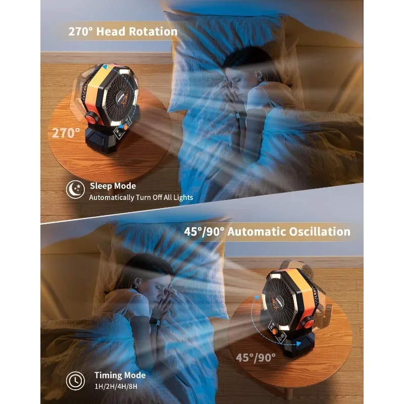 ๐—”๐˜‚๐˜๐—ผ ๐—ข๐˜€๐—ฐ๐—ถ๐—น๐—น๐—ฎ๐˜๐—ถ๐—ผ๐—ป ๐—ฎ๐—ป๐—ฑ ๐Ÿฎ๐Ÿณ๐Ÿฌ-๐——๐—ฒ๐—ด๐—ฟ๐—ฒ๐—ฒ ๐—ฅ๐—ผ๐˜๐—ฎ๐˜๐—ถ๐—ผ๐—ป:The travel fan for sleeping Featuring auto-oscillation with 45ยฐ and 90ยฐ angle options. Fan's head can also rotate 270 degrees up and down. Easily adjust the fan to the optimal blowing angle, especially useful during sleep
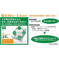 【ニトリの羽毛布団回収】全国のニトリで9月30日(月)より期間限定で実施!他社の羽毛布団もOK!ニトリポイントのプレゼントも。
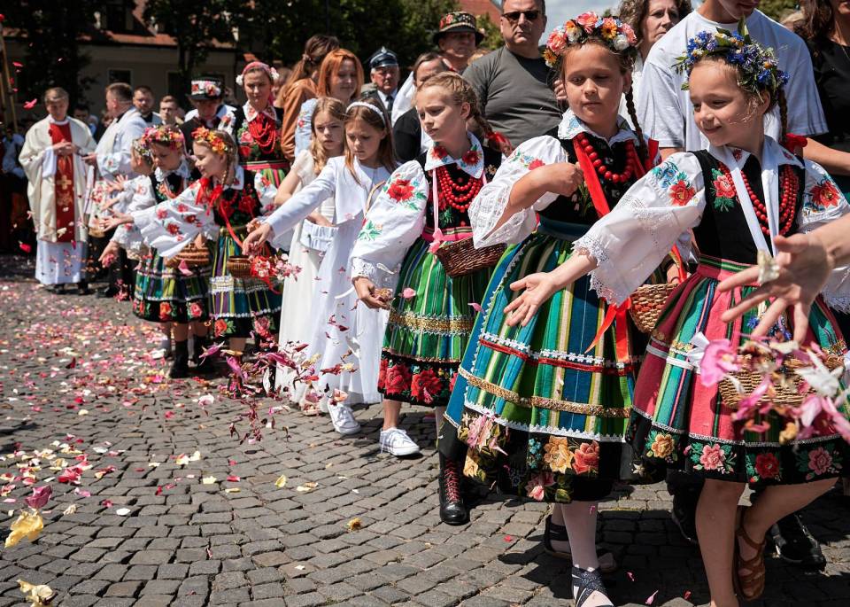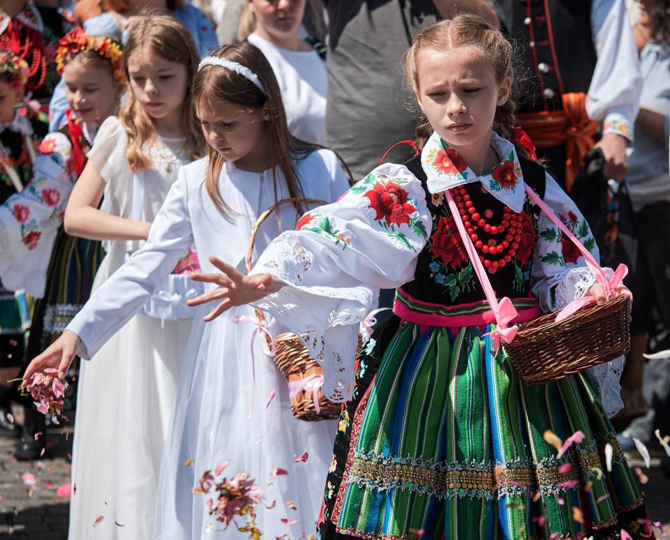 Łowicki folklor należy do najbardziej rozpoznawalnych i cenionych nie tylko w Polsce, ale także na całym świecie. Już wiele lat temu, w 1933 roku, procesję Bożego Ciała w Łowiczu uwiecznił fotoreportaż opublikowany w prestiżowym magazynie National Geographic. To właśnie tam Łowicz zyskał przydomek „kolorowej stolicy polskiej wsi" – określenie, które podczas obchodów Bożego Ciała nabiera szczególnego znaczenia i doskonale oddaje wyjątkowy charakter tego miejsca.

========

**Required work:**
In this exercise, set down all of the data exactly, without the pictures.

**Exercise response:**
 ๐—”๐˜‚๐˜๐—ผ ๐—ข๐˜€๐—ฐ๐—ถ๐—น๐—น๐—ฎ๐˜๐—ถ๐—ผ๐—ป ๐—ฎ๐—ป๐—ฑ ๐Ÿฎ๐Ÿณ๐Ÿฌ-๐——๐—ฒ๐—ด๐—ฟ๐—ฒ๐—ฒ ๐—ฅ๐—ผ๐˜๐—ฎ๐˜๐—ถ๐—ผ๐—ป:The travel fan for sleeping Featuring auto-oscillation with 45ยฐ and 90ยฐ angle options. Fan's head can also rotate 270 degrees up and down. Easily adjust the fan to the optimal blowing angle, especially useful during sleep
 【ニトリの羽毛布団回収】全国のニトリで9月30日(月)より期間限定で実施!他社の羽毛布団もOK!ニトリポイントのプレゼントも。
 Łowicki folklor należy do najbardziej rozpoznawalnych i cenionych nie tylko w Polsce, ale także na całym świecie. Już wiele lat temu, w 1933 roku, procesję Bożego Ciała w Łowiczu uwiecznił fotoreportaż opublikowany w prestiżowym magazynie National Geographic. To właśnie tam Łowicz zyskał przydomek „kolorowej stolicy polskiej wsi" – określenie, które podczas obchodów Bożego Ciała nabiera szczególnego znaczenia i doskonale oddaje wyjątkowy charakter tego miejsca.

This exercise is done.